Since i originally wrote this post, i stumbled across the subreddit r/OSINT (open-source intelligence gathering). If you browse the top posts of all time, you can find megalists of hundreds of tools to help you find information on the internet. There’s also an “awesome” list for OSINT tools and Michael Bazzel’s OSINT Techniques: Resources for Uncovering Online Information.
Needless to say, this post is a bit useless in comparison, at least until i go through these comprehensive lists and filter for the most useful resources.
Isn’t the internet such a magically useful tool? Thirty years ago, if you wanted to know how many plays Shakespeare wrote, you would have to physically walk to your local library and find a relevant book. Now, you can find the answer in less than ten seconds, at any time, wherever you are.

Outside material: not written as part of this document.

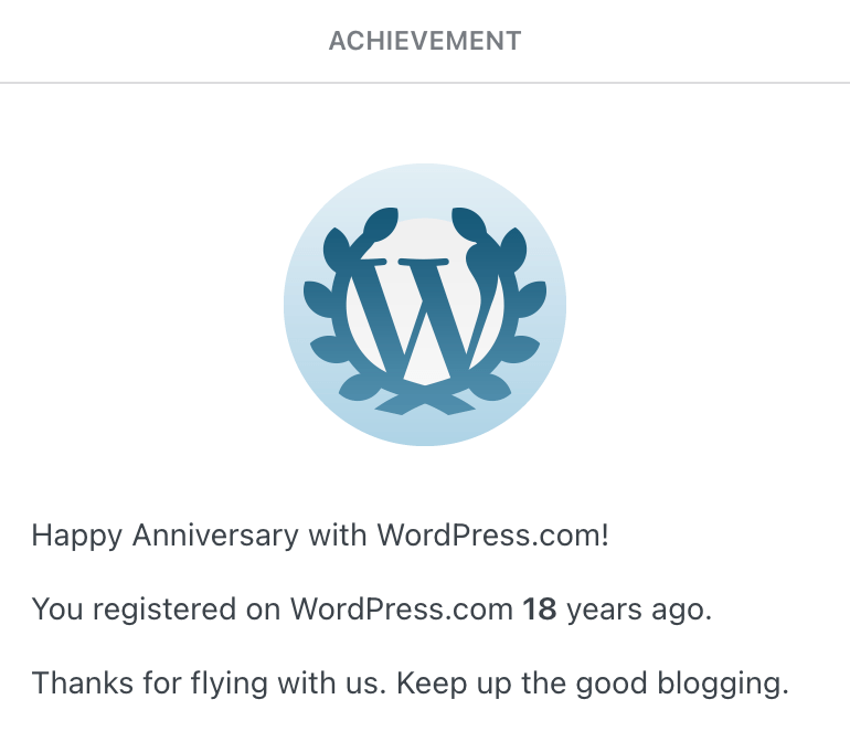 Thanks! That’s 18 years with WordPress.com, my first WordPress blog was self-hosted and from 2004 π

However, the internet is not a truthful, superintelligent oracle. Rather, it’s a dangerous jungle of knowledge you must learn to navigate if you wish to find the truth. Good information is censored, hidden behind paywalls or within piles of spam, and difficult to differentiate from untrustworthy information. This post won’t be a complete guide on how to navigate the world wide web of knowledge, but it will give you some tools I’ve discovered over the years that you can throw in your digital rucksack to aid your journey.
- The great internet sage Gwern Branwen wrote an advanced guide on finding references, papers, and books online.
- The search engines Brave Search and Kagi have the features “Goggles” and “Lenses” respectively, which are presets that filter or re-rank entire categories of websites in your results.
- Blog Surf is a search engine for posts from manually approved personal blogs and newsletters.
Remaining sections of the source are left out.